Casting a furtive scan of the street as he got out of his car, he followed the same route through the neighbor’s back yards to the rear of the doctor’s garage and sidled along the side and in through the open door, crouching until he reached the door handle on the passenger side of the Mazda. Putting his cigarette in his mouth, he breathed a sigh of relief when he found it unlocked. “Bingo,” he whispered, snatching the camera out of the glove compartment and backing out.
A startled gasp behind him drew a low curse as he spun around to see Brad’s ex staring at him wide-eyed, a suitcase in each hand.
“Bryan? What are you doing?” Her gaze went to the camera in his hand, her eyes going to narrow slits of suspicion. “What the hell are you doing with my camera?”
“Fuck!” Striding forward, he gripped her arm, his only thought to get out of there before the doctor returned. As he dragged her toward the back, he saw the moment she put two and two together and faced the fact there was no going back now. Her face paled as she dropped the bags and struggled in his hold.
Lillian shoved her fear aside as enlightenment dawned with the whiff of cigarette smoke. Swinging her free arm back, she slapped Bryan’s face with as much strength as she could muster, knocking the cigarette from his mouth. “You broke in upstairs and caused that fire.” She pulled against his bruising grip, digging in her feet as he kept going. “Damn it, why? Let me go!” she cried out.
Whirling on her, he drew a gun from behind his waist and pressed it against her temple with a snarl. “Shut up and move.”
Terror overruled her anger and she went with him, praying for an intervention before they got far. This had to do with his brother, there was no other explanation. But… shit. “It’s the pictures you’re after, isn’t it?” she panted as they reached a car parked around the corner. “You’re protecting that bastard again, aren’t you?”
Opening the driver’s door, he shoved her in ahead of him and she scooted as far away from him as the other door allowed.
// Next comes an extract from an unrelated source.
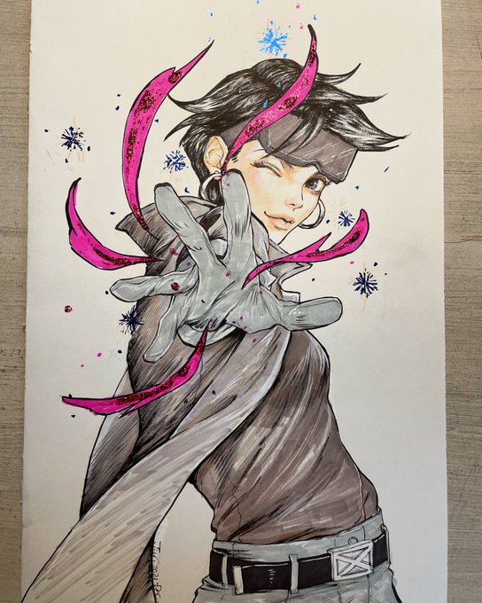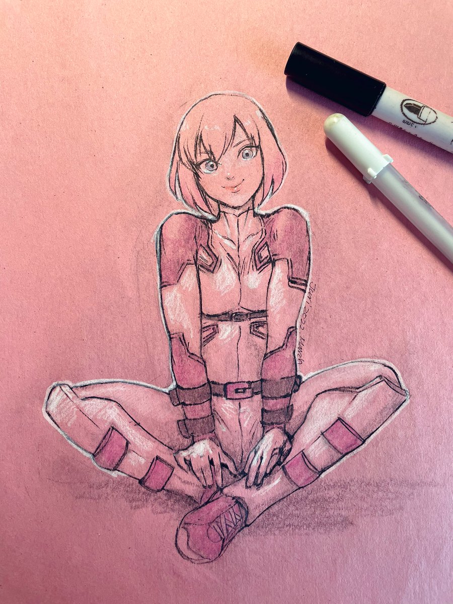 お題箱からグウェンプールちゃん落書き。グウェンプールちゃんは太腿が可愛いのに、太腿よく見えないポーズにしてしまった😞 #odaibako_jurithedreamer Gwenpool doodle from my request box😆💥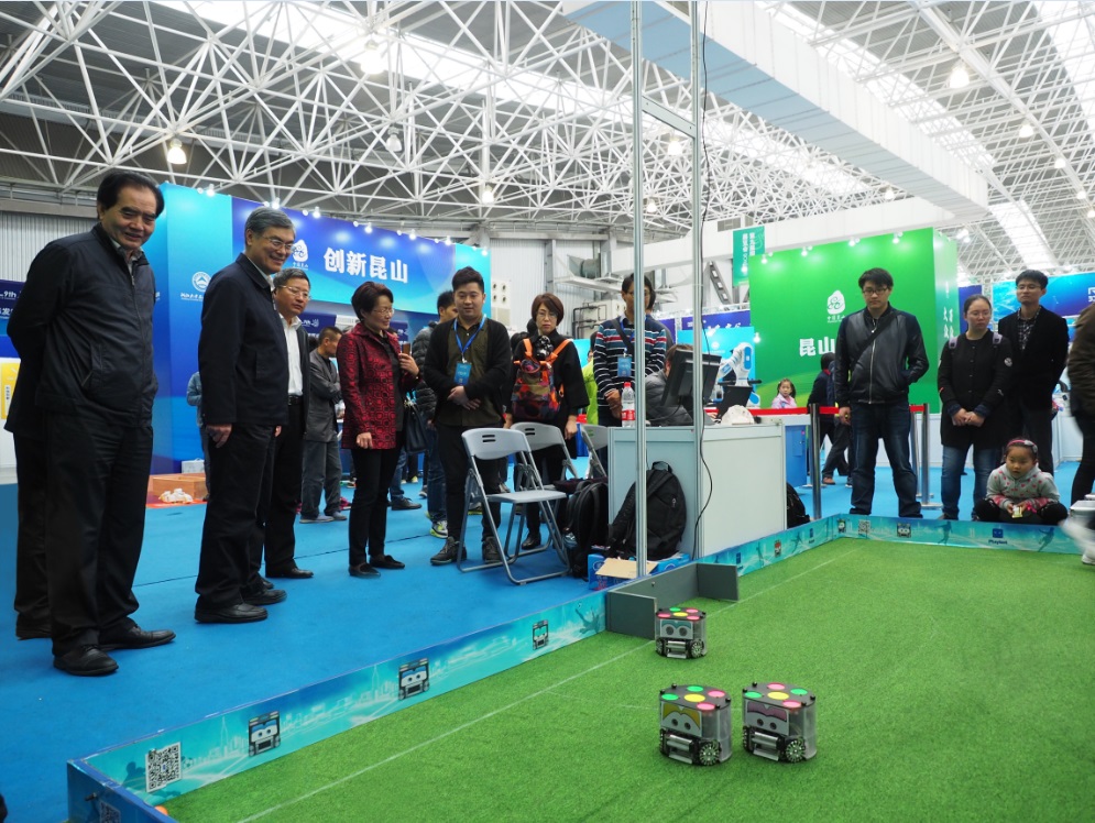 作為昆山智能制造展團的核心,浙江大學昆山創(chuàng)新中心此次共有小型足球機器人、迎賓機器人、在線式余(總)氯檢測儀、手持式分光輻射照度計、在線式超低量程濁度儀、便攜式綠色通道檢測儀等展品參展,充分體現(xiàn)了創(chuàng)新中心科研成果的轉(zhuǎn)化落地,尤其是小型足球機器人比賽,集科學性、創(chuàng)新性、表演性于一體,獲得了參觀者的廣泛關注。

Going for the handle, she swore when it didn’t budge and he took off before she could unlock it, speeding down the residential street like a bat out of hell.
Grabbing hold for safety, she glared at him and repeated, “Aren’t you?”
“Yes,” he snapped, running a nervous hand through his hair.
Before she could say anything else, he took the next corner with a squeal of tires, throwing her against the door as she saw Nan passing them, likely on her way to Mitchell’s house to return her jacket. Lillian had just enough time to mouth ‘help’ and prayed it would be enough.
Nan slammed on the brakes, turned around and memorized the license plate on the car before pulling over. Grabbing her phone, the image of Lillian’s frantic face as that man sped by giving her heart palpitations, she muttered, “Come on, come on, pick up… Grayson, oh, thank God.” She rushed to tell him what she’d just witness
ed, rattling off the license plate number.
“I’m on it. Get hold of Dan and Mitchell.”
The sheriff’s brusque, no-nonsense tone eased Nan’s trembling as she hung up and called Mitchell and then her husband.
What the hell? Mitchell was halfway to Billings when the hospital called to tell him the victim was D.O.A. and he was no longer needed. He’d barely had time to regret the unexpected death when his phone buzzed again, and Nan’s news turned his blood ice-cold. Whipping around, he sped back down the highway as he put in a call to Grayson on speaker. “Talk to me, damn it,” he demanded as soon as his friend answered.
“He has to be headed out of town and the highway is our best bet. I’ve put out an APB and abduction alert. We’ll get him. If you and I and my backup don’t block him on the highway, someone will spot them and pull him over.”